ASEAN+ March 17, 2018 01:00

By The Nation

Piers Leach, the country manager for Diebold Nixdorf in Myanmar, talks to The Nation’s KHINE KYAW in Yangon about the company’s expansion plans.

TECHNOLOGY company Diebold Nixdorf aims to capitalise on the expansion plans of Myanmar banks, providing the software and hardware – including automatic teller machines (ATMs) – that will underpin their rollout of banking services nationwide, said Piers Leach, the firm’s country manager for Myanmar.

“With the ATM expansion of local banks in rural areas, we will see additional expansion with cash recycling machines and forex machines in rural and less populated areas. They will require machines, equipment, technology and professional services that we are happy to support,” said Leach, who expects the company to enjoy higher growth in Myanmar this year.

Leach, in an exclusive interview, said Myanmar banks are keen to exploit the latest technology to ensure customer satisfaction. He believes technology used by Myanmar’s banking sector is on a par with that of other Asean countries, including Malaysia and Thailand, and will evolve rapidly.

According to available statistics, there are more than 3,000 ATMs in Myanmar, and the firm has acquired over 50 per cent of the market share for them, despite intense competition with four main competitors. The firm sells all its machines through three sales partners in the country.

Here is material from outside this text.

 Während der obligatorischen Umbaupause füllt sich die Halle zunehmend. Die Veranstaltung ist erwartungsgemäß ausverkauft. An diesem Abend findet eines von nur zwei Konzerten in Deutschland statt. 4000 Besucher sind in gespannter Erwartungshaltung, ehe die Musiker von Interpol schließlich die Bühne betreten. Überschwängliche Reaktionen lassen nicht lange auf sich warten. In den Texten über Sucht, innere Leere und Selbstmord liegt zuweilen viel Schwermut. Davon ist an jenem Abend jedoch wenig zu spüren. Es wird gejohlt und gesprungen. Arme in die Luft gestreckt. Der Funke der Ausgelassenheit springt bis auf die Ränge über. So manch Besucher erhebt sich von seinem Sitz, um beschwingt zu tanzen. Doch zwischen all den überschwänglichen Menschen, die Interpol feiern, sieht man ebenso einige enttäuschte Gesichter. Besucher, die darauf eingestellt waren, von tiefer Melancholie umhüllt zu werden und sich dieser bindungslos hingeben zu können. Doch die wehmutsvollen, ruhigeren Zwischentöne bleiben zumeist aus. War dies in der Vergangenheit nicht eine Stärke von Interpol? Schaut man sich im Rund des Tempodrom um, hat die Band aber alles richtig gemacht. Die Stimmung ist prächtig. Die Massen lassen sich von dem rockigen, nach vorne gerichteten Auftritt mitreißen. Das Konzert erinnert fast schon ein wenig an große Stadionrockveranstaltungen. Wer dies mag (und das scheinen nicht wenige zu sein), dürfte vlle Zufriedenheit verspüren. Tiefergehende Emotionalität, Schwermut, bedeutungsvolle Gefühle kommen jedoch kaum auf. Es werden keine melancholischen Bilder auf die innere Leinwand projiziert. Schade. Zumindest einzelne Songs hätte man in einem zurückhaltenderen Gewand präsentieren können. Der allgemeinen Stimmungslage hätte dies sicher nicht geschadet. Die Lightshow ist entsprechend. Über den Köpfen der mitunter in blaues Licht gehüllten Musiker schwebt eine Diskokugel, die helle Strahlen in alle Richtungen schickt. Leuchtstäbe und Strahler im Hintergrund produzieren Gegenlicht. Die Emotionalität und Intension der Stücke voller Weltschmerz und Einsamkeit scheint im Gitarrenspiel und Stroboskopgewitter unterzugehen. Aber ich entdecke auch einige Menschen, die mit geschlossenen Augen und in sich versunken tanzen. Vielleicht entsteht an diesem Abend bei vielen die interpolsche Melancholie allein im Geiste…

“We are still the market leader, and all the major banks including CB, KBZ, Aya, Yoma and AGD are our customers. We deal with most of the private banks, and will carry on growing the business and continue support to customers here,” Leach said.

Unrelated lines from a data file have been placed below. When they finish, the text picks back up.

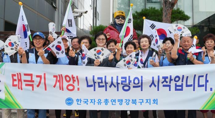 태극기달기 캠페인은 한국자유총연맹 강북구지회가 제헌절을 맞아 나라사랑 정신을 구민들과 공유하기 위해 전개한 것으로, 이날 이순희 구청장과 한국자유총연맹 강북구지회원들은 태극기가 새겨진 부채를 주민들에게 전달했다.
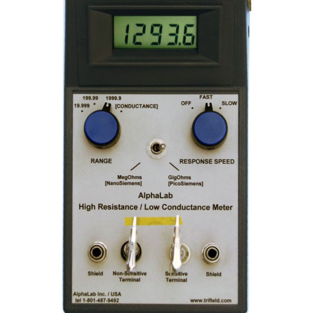 要進行電阻測量,請將 RANGE 切換到1999.9,并將切換開關切換到 GigOhms。如果幾秒鐘后,顯示器上下波動明顯,切換響應速度為慢。如果顯示器在最左邊顯示一個“1”,這意味著電阻大于1999.9千兆歐姆。(在這種情況下,只有電導將給出一個讀數,將在后面描述)。但是,如果顯示器讀取一個數字(1999.9千兆歐姆或更少) ,這是正確的電阻。如果數字很小(或者為零) ,你可以把 RANGE 旋鈕從1999.9調到199.99或者19.999; 如果顯示的數字仍然很小,把切換開關從 GigOhms 調到 MegOhms,然后再次查看1999.9,199.99,19.999的范圍,直到你看到一個足夠大的數字,可以按照你需要的分辨率讀取。如果您走得太遠,一個“1”將出現在顯示器的左側,沒有其他數字將顯示,直到您切換范圍回來。
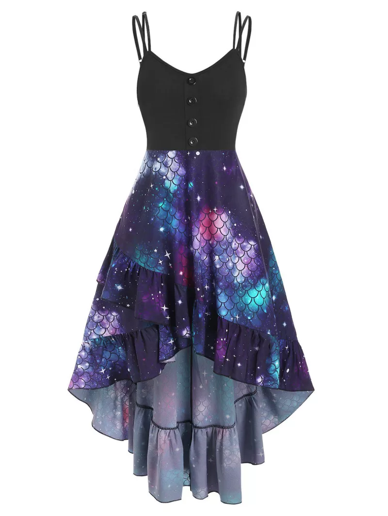 Flounce Sunflower Angel Scale Print High Low Mermaid Dress
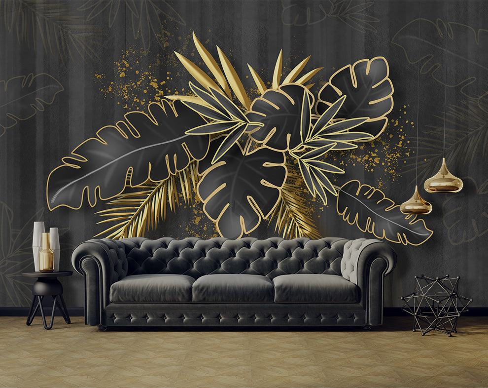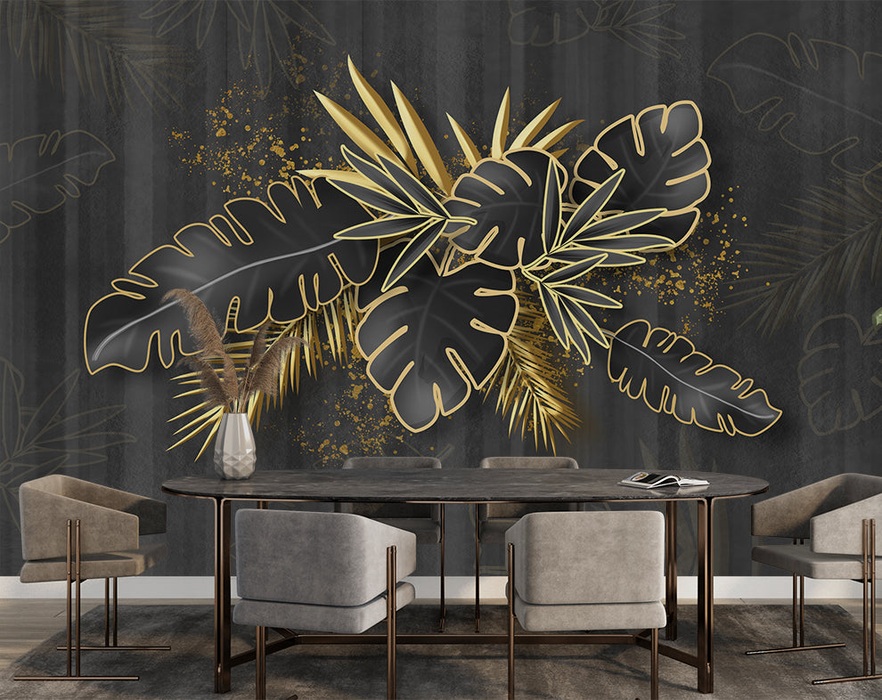 Golden Line Banana Leaf Plant Wallpaper | Tropical Leaves Wallpaper
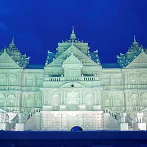 京都駅南口【9:20発】--伊丹空港--新千歳空港--千歳・支笏湖氷濤まつり(国内有数の透明度を誇る支笏湖の水を吹きかけて凍らせた氷像)--札幌2泊【SAPPORO STREAM HOTEL=夕食後、各自でライトアップされた「さっぽろ雪まつり」へ】
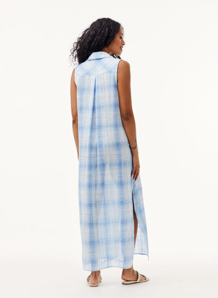 This Sleeveless Duster Dress from Bella Dahl is flowy and breathable, making it super easy to wear all summer long! In a subtle gingham, this dress features a button down front, side slits and a collar. Wear with white trainers whilst running errands or dress up for a garden party with sandals!
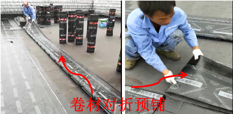 在處理(lǐ)好(hǎo)(hǎo)的基面上(shà事少ng),先将瀝青類卷材按鋪貼順序(注意:長邊搭接8cm,短邊搭接10cm高購)進行大面積預鋪,然後将每卷卷材對折翻揭覆鋪(如(rú)圖)。

The executive stressed the importance of the firm’s cooperation with CB Bank, which has been expanding in foreign exchange and cash recycling.

The firm provides professional services for all of CB Bank’s 700-plus ATMs across the nation. According to the contract, the bank aims to double its size of ATM network with the firm’s technology.

Leach said the had firm had enjoyed healthy growth since opening its Yangon office in January last year.

“Within one year, we are where we expected we should be. Our growth is better than expected,” he said.

He considers Myanmar banks’ expansion of their ATM network, the need for equipment, and their thirst for the latest technology will be the major drivers of the firm’s growth. He believes the firm’s in-country presence can fuel the growth thanks to providing customer convenience.

“For us, it is really important to open the office here. If they have any issues, customers can directly reach us. We are close to customers and can better understand them. We can be their preferred choices of supply because we are here,” he said.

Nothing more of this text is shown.